Secrets de tournage : Mud, sur les rives du Mississipi

 

Vous aimez l’univers de Tom Sawyer et du Mississipi ? Ce film est pour vous : c’est lui qui a révélé un Matthew McConaughey à Christopher Nolan pour Interstellar.

Syno : Ellis et Neckbone, 14 ans, découvrent lors d’une de leurs escapades quotidiennes, un homme réfugié sur une île au milieu du Mississipi. C’est Mud : un serpent tatoué sur le bras, un flingue et une chemise porte-bonheur. Mud, c’est aussi un homme qui croit en l’amour, une croyance à laquelle Ellis a désespérément besoin de se raccrocher pour tenter d’oublier les tensions quotidiennes entre ses parents. Très vite, Mud met les deux adolescents à contribution pour réparer un bateau qui lui permettra de quitter l’île. Difficile cependant pour les garçons de déceler le vrai du faux dans les paroles de Mud. A-t-il vraiment tué un homme, est-il poursuivi par la juce, par des chasseurs de primes ? Et qui est donc cette fille mystérieuse qui vient de débarquer dans leur petite ville de l’Arkansas ?

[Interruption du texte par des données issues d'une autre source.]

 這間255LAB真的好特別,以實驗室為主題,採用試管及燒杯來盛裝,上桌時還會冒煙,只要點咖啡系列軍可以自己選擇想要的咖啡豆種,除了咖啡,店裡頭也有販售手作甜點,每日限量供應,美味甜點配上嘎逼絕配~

« Idée de longue date : Jeff Nichols confie avoir eu l’idée de Mud avant même d’avoir celle de ses deux précédents films : « Tout a commencé alors que j’étais à l’université. À la bibliothèque de Little Rock, je suis tombé sur un livre de photos en noir et blanc de personnes vivant au bord du fleuve Mississippi – il y avait des pêcheurs de moules, des maisons flottantes… Je me suis dit que c’était un monde intéressant à filmer », révèle le cinéaste.

Histoires parallèles : le scénario de Mud est constitué d’histoires parallèles dont la clé de voûte est le personnage du jeune Ellis. Le chassé-croisé de ces histoires tourne autour des thèmes de l’amour et de sa mythologie, du rite initiatique à travers la déception amoureuse et de la figure du mentor qui revient de manière récurrente entre les personnage de Mud (Matthew McConaughey), Senior (Ray McKinnon), Tom (Sam Shepard) et même de Galen (Michael Shannon).

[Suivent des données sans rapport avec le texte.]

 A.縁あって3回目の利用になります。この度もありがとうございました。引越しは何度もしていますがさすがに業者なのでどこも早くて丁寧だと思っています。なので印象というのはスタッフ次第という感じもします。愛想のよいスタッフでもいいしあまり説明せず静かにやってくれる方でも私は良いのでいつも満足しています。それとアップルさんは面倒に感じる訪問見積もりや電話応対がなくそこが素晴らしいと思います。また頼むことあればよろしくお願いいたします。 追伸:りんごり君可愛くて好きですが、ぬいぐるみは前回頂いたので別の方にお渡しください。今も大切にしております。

Mythologie du Mississippi : Mud emprunte beaucoup à la mythologie du fameux fleuve inspirée par Mark Twain et ses romans initiatiques Les Aventures de Tom Sawyer et de Huckleberry Finn : « J’ai d’ailleurs volé certains détails à Mark Twain », avoue Jeff Nichols, en poursuivant : « Par exemple, la croix dans l’empreinte des talons des bottes de Mud. C’est de cette manière que Tom et Huck savent que le père de Huck est dans les parages. C’est toujours un moment effrayant dans le livre car le père est alcoolique et imprévisible. Mais en dehors de Twain, les hommes descendent ce fleuve depuis des siècles et transportent avec eux leur culture et leurs histoires. J’ai donc voulu (…) m’inscrire dans ce mythe. J’ai d’ailleurs moi-même fait l’expérience du fleuve en préparant le film. J’ai découvert qu’un cousin éloigné possédait une maison flottante. J’y suis resté une dizaine de jours. On y est entouré d’animaux, d’aigles, de serpents. L’aventure est partout ».

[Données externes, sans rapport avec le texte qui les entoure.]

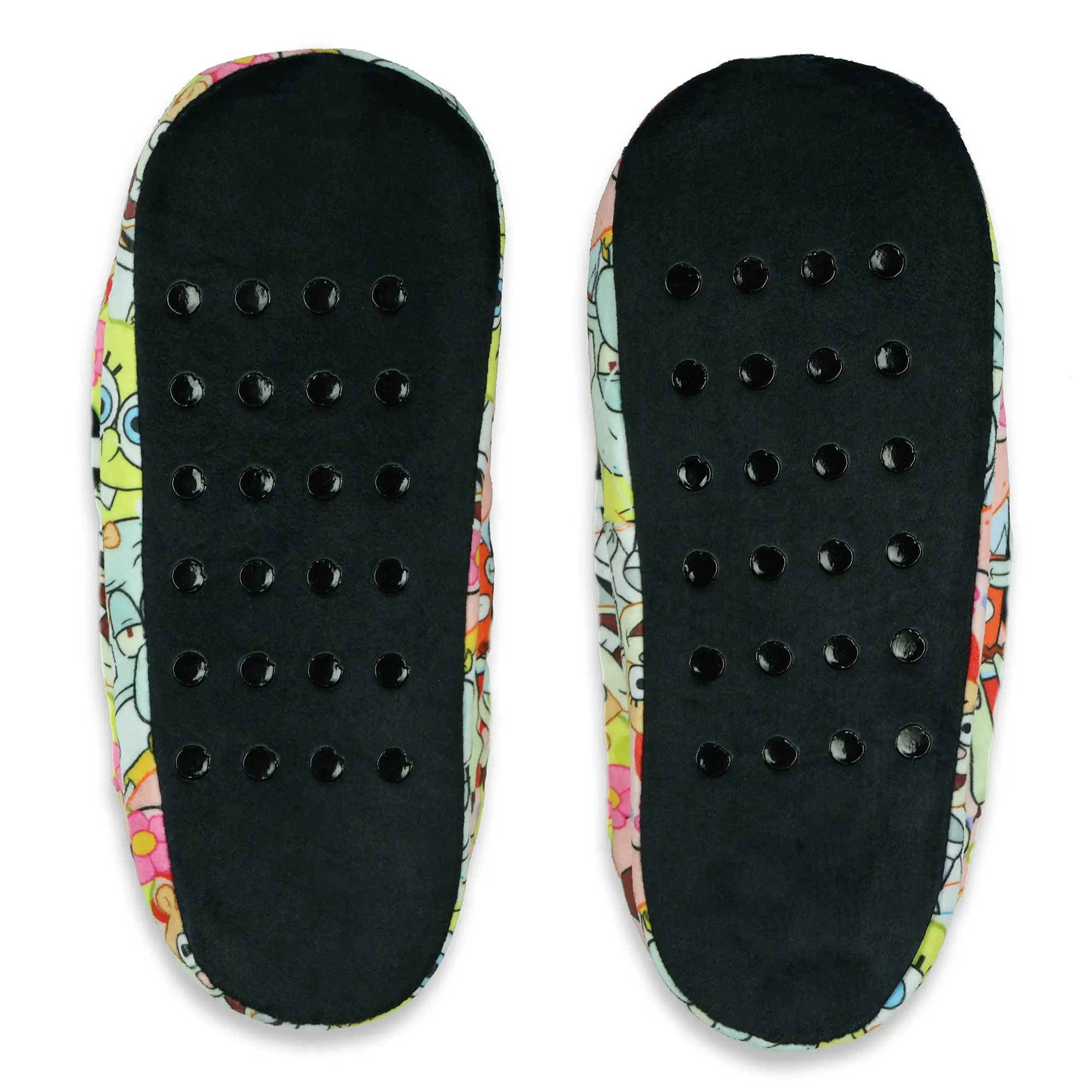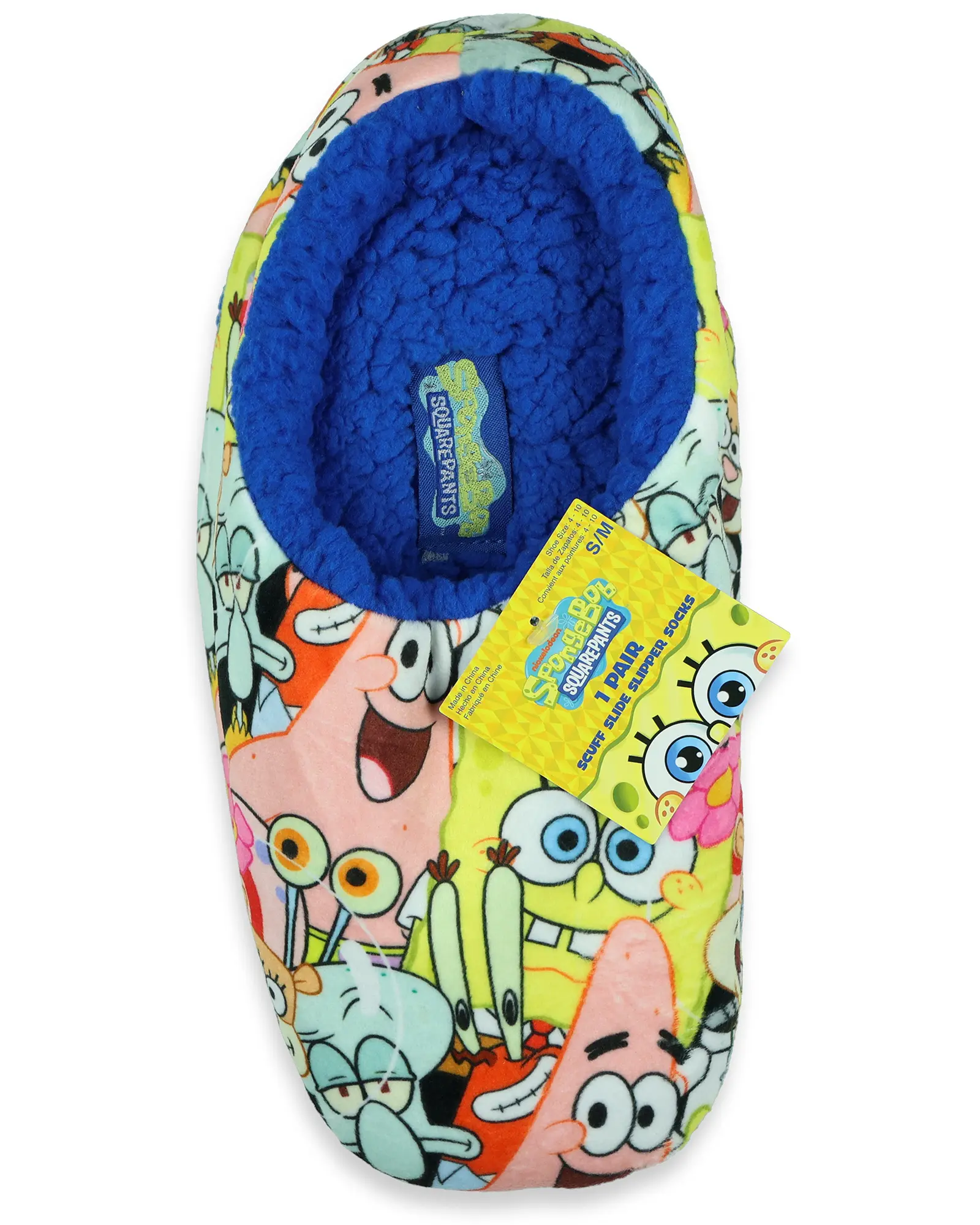 They’re built for easy comfort, with a cushioned half-inch padded footbed and a textured, non-slip sole that gives you steady footing on smooth floors. The open-back slide design makes them effortless to slip on and off, so they’re great for quick errands, relaxing on the couch, or just hanging out around the house. Made from a comfy polyester-spandex blend, they hold up well and fit men’s shoe sizes 4–10 (S/M) and 6–12 (L/XL). When it’s time to freshen them up, just toss them in the wash with cold water and dry on low—easy as that. Bright Allover Character Design: These slipper slides feature a bold, sublimated all-over print of SpongeBob and friends for a fun and eye-catching look. The soft plush fleece interior wraps your feet in cozy warmth, making them ideal for lounging or relaxing after a long day Cushioned Support and Non-Slip Grip: Designed with a ½-inch padded footbed for extra comfort underfoot and a textured, non-slip sole for added traction on smooth floors. The open-back, slip-on design makes them easy to slide on and off whenever you need quick comfort Easygoing Comfort: Whether relaxing on the couch, heading to the mailbox, or grabbing a late-night snack, these slipper socks deliver comfort and convenience. Their flexible design makes them a go-to choice for downtime or casual indoor wear Soft, Durable Construction and Fit: Made from a 97% polyester and 3% spandex blend for a plush yet resilient feel. Available in two size ranges to fit men’s shoe sizes 4–10 (S/M) and 6–12 (L/XL) comfortably Simple Care Instructions: Machine wash cold with like colors and tumble dry low to keep them looking and feeling fresh wear after wear

Gentil menteur : lorsqu’il évoque Mud, joué par Matthew McConaughey, Jeff Nichols revient sur la mythologie qui entoure ce personnage : « On ne sait jamais si ce que dit Mud est vrai ou non. Juniper [Reese Witherspoon] et Tom [Sam Shepard] parlent de lui comme d’un menteur mais il n’y a pas la moindre malice en lui. Je me souviens d’un type qui travaillait dans la boutique de meubles de mon père. Il était très gentil mais il mentait tout le temps. Mon frère avait dit à propos de lui ce que Jupiner dit de Mud : « Les gens l’aiment parce que c’est un menteur qui les flatte ». »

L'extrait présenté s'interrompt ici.